# Individual glacier surface velocity analysis

This notebook will build upon the data access and inspection steps in the earlier notebooks and demonstrate basic data analysis and visualization of surface velocity data at the scale of an individual glacier using xarray. 

*Learning goals*: 
- using xarray label-based indexing and selection tools
- computation and grouped computation
- visualization

In [None]:
import os
import json
import urllib.request
import numpy as np
import xarray as xr
import rioxarray as rxr
import geopandas as gpd
import pandas as pd
import seaborn as sns 

import matplotlib.pyplot as plt
import matplotlib.ticker as mticker

from shapely.geometry import Polygon
from shapely.geometry import Point
import cartopy.crs as ccrs
from cartopy.mpl.gridliner import LONGITUDE_FORMATTER, LATITUDE_FORMATTER
import cartopy
import cartopy.feature as cfeature

from skimage.morphology import skeletonize
import flox

%config InlineBackend.figure_format='retina'

In [None]:
import itslivetools

In [None]:
with urllib.request.urlopen('https://its-live-data.s3.amazonaws.com/datacubes/catalog_v02.json') as url_catalog:
    itslive_catalog = json.loads(url_catalog.read().decode())
itslive_catalog.keys()

In [None]:
url = itslivetools.find_granule_by_point(itslive_catalog, [84.56, 28.54])
url

In [None]:
dc = itslivetools.read_in_s3(url[0])
dc

In [None]:
dc_timesorted = dc.sortby(dc['mid_date'])


## Read in vector data

In [None]:
se_asia = gpd.read_file('https://github.com/scottyhq/rgi/raw/main/15_rgi60_SouthAsiaEast.gpkg')
se_asia.head(3)
se_asia_prj = se_asia.to_crs('EPSG:32645')

In [None]:
se_asia_prj.explore()

Choose a single glacier and subset

In [None]:
sample_glacier_vec = se_asia_prj.loc[se_asia_prj['RGIId'] == 'RGI60-15.04714']
sample_glacier_vec

### Clip ITS_LIVE data to extent of sample glacier

First, need to write the crs attr of the datacube

In [None]:
dc_timesorted = dc_timesorted.rio.write_crs(f"epsg:{dc_timesorted.mapping.attrs['spatial_epsg']}", inplace=True)

In [None]:
sample_glacier_raster = dc_timesorted.rio.clip(sample_glacier_vec.geometry, sample_glacier_vec.crs)

In [None]:
sample_glacier_raster = sample_glacier_raster.drop_vars(mapping)
sample_glacier_raster

## Taking a look at a velocity time series

Now that we have the velocity data clipped to a single glacier, let's explore the clipped dataset. The below cell plots the mean velocity across the x and y dimensions over time.

In [None]:
sample_glacier_raster.v.mean(dim=['x','y']).plot()

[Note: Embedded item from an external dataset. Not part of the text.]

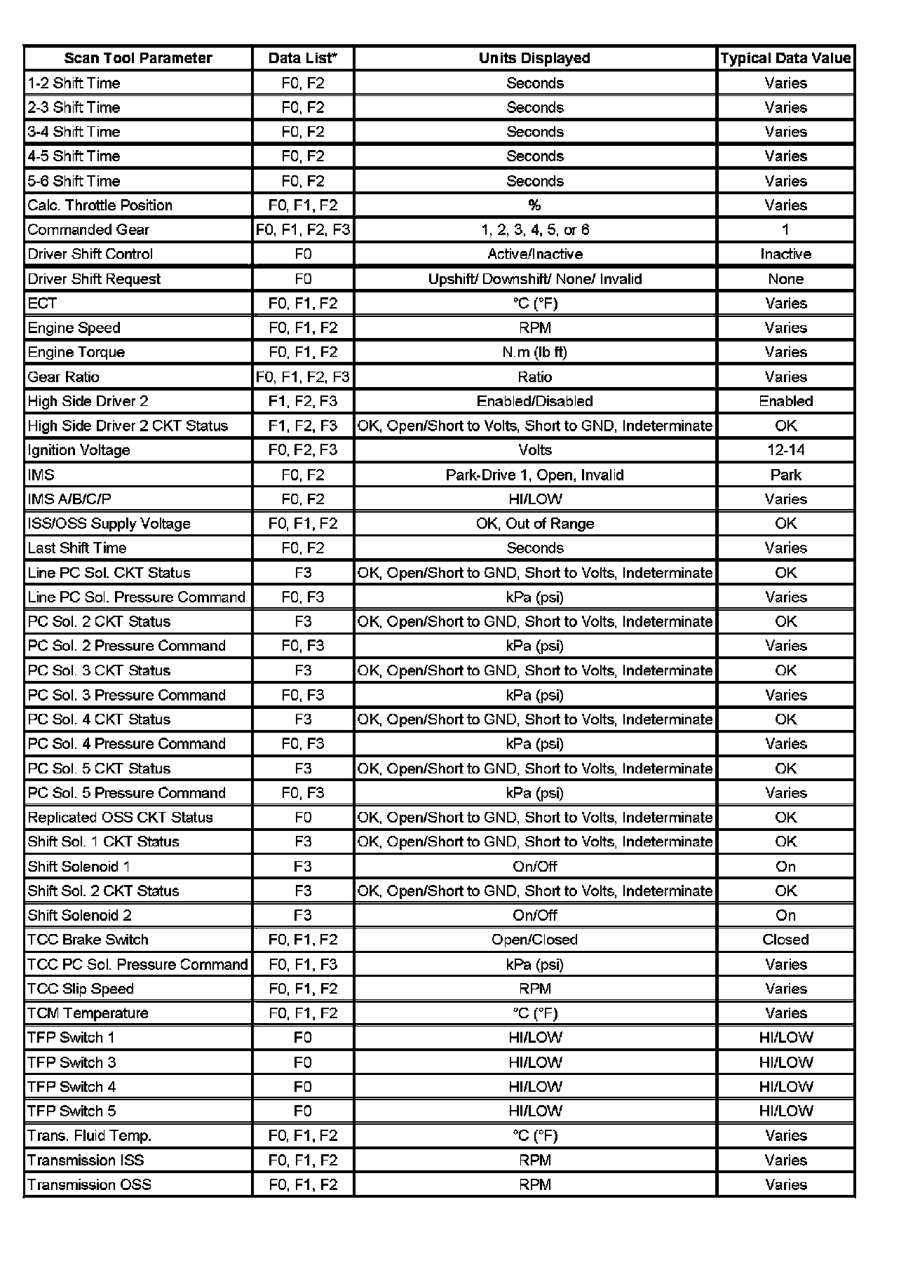 Only the parameters listed below are used in this manual for diagnosing. If a scan tool displays other parameters, the values are not recommended by General Motors for use in diagnosis.

It looks like there is a large amount of variability in the mean velocity over time. Let's use xarray tools to resample the time dimension.

In [None]:
resample_obj = sample_glacier_raster.resample(mid_date = '1M')
resample_obj

`.resample()` is another grouping operation and returns an object of type `xarray.core.resample.DatasetResample`

In [None]:
sample_glacier_resample_1m = resample_obj.mean(dim='mid_date')

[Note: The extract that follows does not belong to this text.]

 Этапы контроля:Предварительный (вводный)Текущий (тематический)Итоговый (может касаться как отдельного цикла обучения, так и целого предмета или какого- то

The below plot is the initial velocity time series in blue, and the velocity data resampled to 1 month intervals in orange

In [None]:
sample_glacier_raster.v.mean(dim=['x','y']).plot(label = 'Mean glacier speed')
sample_glacier_resample_1m.v.mean(dim=['x','y']).plot(label = '1 month resample')
plt.legend()

This is interesting! Despite what looks to be a pretty noisy signal looking at the full time series, we can start to pick out a seasonal signal and sub-annual velocity variability looking at the velocity data resampled into 1-month bins.

### We could also calculate velocity anomalies... 

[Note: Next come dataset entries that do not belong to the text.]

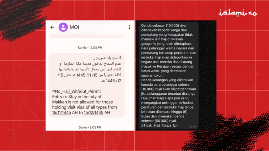 Dalam sms tersebut juga dijelaskan bahwa pemegang visa selain visa haji dilarang tinggal di Mekkah selama musim haji, yaitu mulai tanggal 11 Dzulqaidah – 15 Dzulhijjah 1445 H.
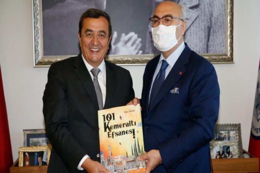 Başkan Batur, ziyaret sırasında Vali Köşger’e Kemeraltı kitabı ve sikke hediye etti.
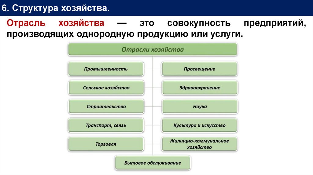 6. Структура хозяйства.Отрасль хозяйства — это совокупность предприятий,

To do this, we will use xarray `groupby()` and `map()` 


following example from xarray tutorial

We first define a function that subtracts the long-term mean from a single observation. 

In [None]:
def remove_time_mean(x):
    return x-x.mean(dim='mid_date')

We then group the dataset by month and apply the function to calculate the anomaly on each group

In [None]:
sample_glacier_anom = sample_glacier_raster.groupby('mid_date.month').map(remove_time_mean)
sample_glacier_anom

Let's observe the velocity anomaly alongside the velocity time series. 

In [None]:
fig, axs = plt.subplots(ncols = 2, figsize=(17,7))
sample_glacier_anom.v.mean(dim=['x','y']).plot(ax=axs[1]);
sample_glacier_raster.v.mean(dim=['x','y']).plot(ax=axs[0]);
axs[1].axhline(y=0, c = 'red', alpha = 0.5)
axs[0].set_title('Glacier mean magnitude of velocity (m/y) over time series')
axs[1].set_title('Glacier mean velocity anomaly (m/y) over time series')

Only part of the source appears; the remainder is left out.